I can't do that without a rough estimate of our needs. How many VMs,
with how much RAM each, and how many vCPUs, how much storage space on
Ceph on SSD/NVMe, and how much object storage on HDD, etc. So far, this
has never been discussed.
I can setup clouds of any size, really. From 6 raspberry pies, for a
couple of thousands USD, to multi-terabytes of RAM compute nodes. From
nearly zero storage (only the system disks) available to petabytes of
NVMe, and exabytes of HDDs. What do we want/need exactly?
Does anyone in this list know how much we use at GCP?
Though I get it that maybe you just want rough numbers. So to give you a
clue, here's what I know about hardware price from my work. These are
really rough estimates from the top of my head, if we were to go forward
with such a project, we'd need a real quote from a hardware supplier
such as HPe, Dell or Supermicro. Note that I know better the pricing
models from HPe, which is what I used here, but Dell or Lenovo have
similar prices. I have no clue what the Supermicro offer is though.
So, a few numbers...
For just an entry level ticket with what I would say is the bare
minimum, if this may help:
* A 48 25 GBits/s ports switch (capable of running Cumulus linux) cost
around 7k USD. We'd need 2 per rack, plus a dumb (cheap) switch for IPMI.
* A compute nodes with 2x 112 cores Epyc with no ram and SSD cost around
13k USD. With 24x96 GB = 2.3 TB of RAM, plus 2x 250 SSD, plus 2x 2TB
SSD, we're approaching more like 20k USD. Let's say we start with 3 of them.
* A controller server (running the API) would be 4k USD (without RAM and
system) SSD. We would need 3 of them (for redundancy).
To sum up:
2x switch = 14k
3x compute = 60k
3x controller ~= 15k
Total: 90k USD
That's for what I would consider the bare minimum entry level
deployment, capable of running around 500 VMs (if we count 250 VM per
compute, and allow one to fail).
We also need to keep in mind that such deployment wouldn't run any type
of distributed storage. For Ceph storage, at my work, we use "ProLiant
RL300 Gen11". For a small Ceph cluster, I'd recommend 12 nodes minimum
(3 mon, plus 9 OSD nodes, allowing to loose 10% without production
impact). Each node is around 5 or 6k with 512 GB of RAM, so that's 72k
USD as a start, without the NVMe drives.

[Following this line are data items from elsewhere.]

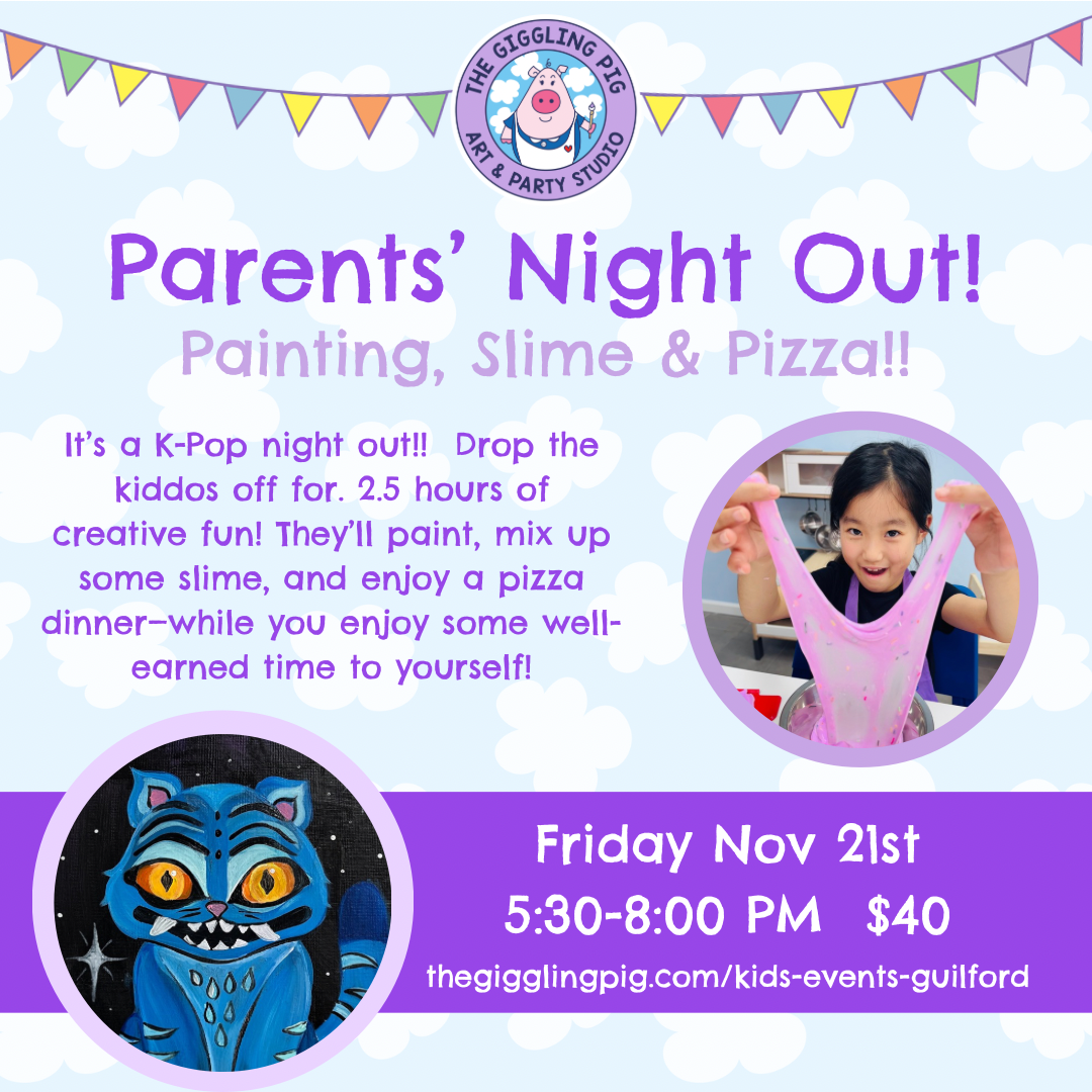 They get to enjoy a fun night here at the studio, and you get to enjoy some kid-free time!! It's a win-win! Each child will pick a craft to paint, make a custom batch of slime and enjoy some pizza!
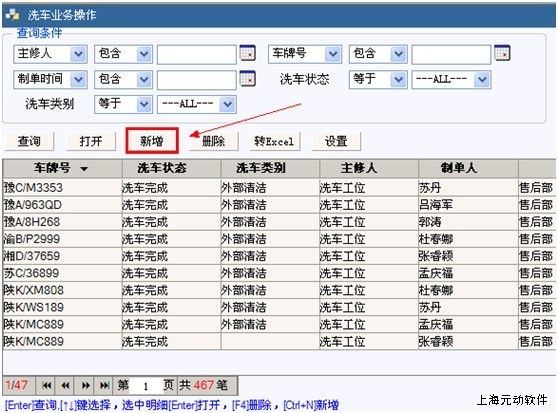 3.客户车辆直接进店洗车或是内部车辆需要洗车,可由服务顾问进入维修管理-洗车业务操作菜单,直接新增洗车单据,如图:
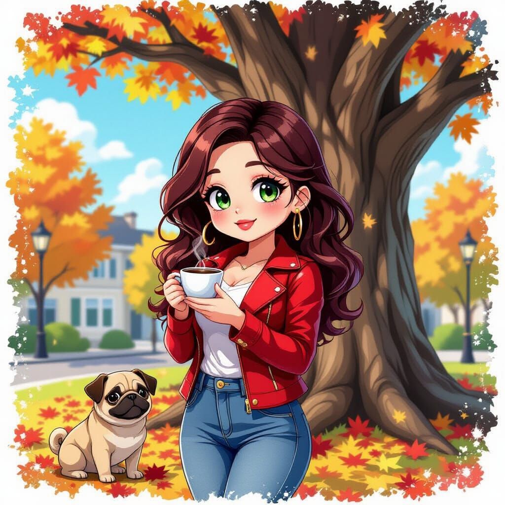 This image features a cute anime woman with crimson hair and green eyes, holding coffee near a tree with a pug. Rendered in a vibrant Autumn Anime Drawing style with graffiti and splash art elements.
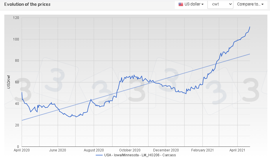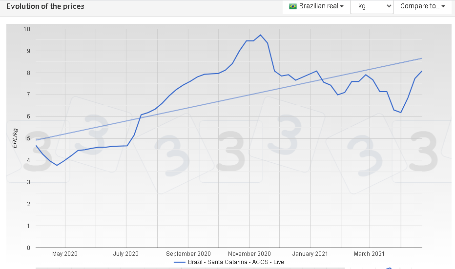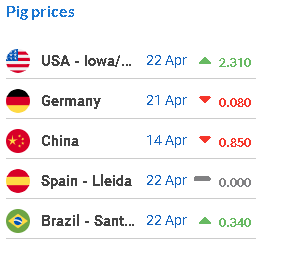 Pig Prices in the US, Germany, China, Spain and Brazil
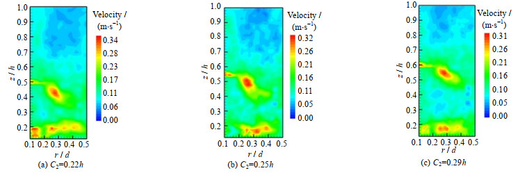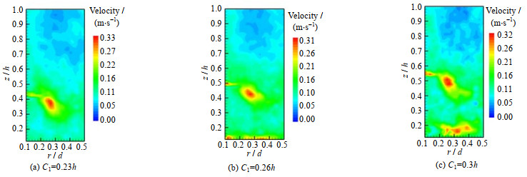 在甘油-水溶液中n=100 r·min-1和两桨间距离C2=0.25h的条件下,3种不同离底距离对流场产生影响的速度云图分布如图 9所示。当离底距离C1=0.23h时,上桨叶区的流体的搅拌效果较差,出现大面积的低速区域。在下桨叶区,Rushton桨浸没在槽底,流体的流动主要在槽底区域。当C1=0.26h时上桨叶区的低速区域相对离底距离C1=0.23h有所缩小,由0.56 < z/h < 1.0,0.16 < r/d < 0.5缩小为0.64 < z/h < 1.0,0.18 < r/d < 0.5。当桨叶离底距离提升至C1=0.3h时,如图 9(c)较低速区域在进一步缩小,搅拌效果增加明显,槽内的混合能力增强,但槽底流体的高速区域上移。离底距离进一步增大会使高速区域继续上移,槽底流速过低会导致槽底沉积物料、堵塞出料口,故最佳离底距离C1为0.3 h。

For the drives, 8TB SSDs are
around 500 USD. Let's say we put 4 in each OSD server (each can host 10
drives), that's 9x4=36 drives, so 36x500 ~= 20k of storage, for a net
storage place of 96 TB. So, 96 TB of distributed Ceph storage would cost
around 90k USD (20k USD more if we want double the space).
Let's say we start with 3 switches, 3 controllers, 3 computes, and 12
ceph servers, and that all of them are a single U, that'd be 21U, so
half a rack to start with, with an initial investment of roughly 200k
USD as per above. Then we may add more compute nodes (20k USD each) and
storage nodes (6k USD each).
For a public cloud region, at infomaniak, we started with 99 servers:
- 45 nodes for Ceph (in 3 storage availability zones, 1PB of NVMe)
- 18 nodes for Swift
- 18 compute nodes
- 3 controllers and...
- ...3 billing servers (we call them "messaging nodes)
- 6 MariaDB/Galera nodes
- 6 network nodes
that's of course a way too much for the needs in Debian, but that was to
tell you how far we could go if we were to spend 1M USD... :)
At SPI we had around 50kUSD per year of
donations over the last years.
I really thought the grand total of donation for Debian was much larger.
For collocation, 50k would be more than enough for renting a full rack
with network connectivity + power (I explained above that for the
smallest deployment, that could be enough), but not enough if we want 3
racks (meaning more redundancy).
I can't imagine this is even remotely
enough to do that all in a sustainable manner.
It could, but we need to run numbers, know what we want (and how much),
plus hopefully have a reasonable consensus that this is how we want to
spend Debian money. *I* believe that being independent from any cloud
sponsor is important, but I do not know if other DDs agree.
Also, please list the people that would be capable to running an
OpenStack of sufficient quality for our use. You alone are far from
enough.
I already found volunteers for it. Michal Arbet for example said he
would be ok to help with OpenStack maintenance. The network admin at my
work said he'd volunteer for doing the Cumulus Linux setup with me, and
maintain it. I'm sure I would get help with Ceph storage maintenance
from Daniel (he co-maintains Ceph with me in Debian). So installation
and maintenance is *not* issue I'm worried about.
What I don't know is where to physically host the servers, and who would
do the hardware setup part. Just saying "I like this hosting company"
doesn't help: we'd need a collocation space, with ideally 2 DDs leaving
nearby, willing to do the hardware setup. Either that, or a hosting
company that would be ok to offer remote hands for free, because we're
Debian. But I don't know any that would do that. Even the first setup
(about 20 servers and 3 switches to assemble, rack, wire-up, and PXE
boot) would take maybe a week of work (for a single person). Until
*THIS* isn't solved, I don't think it's reasonable to even start
thinking about any kind of price/cost.
I hope the above helps understanding what kind of costs we're talking about.
Cheers,
Thomas Goirand (zigo)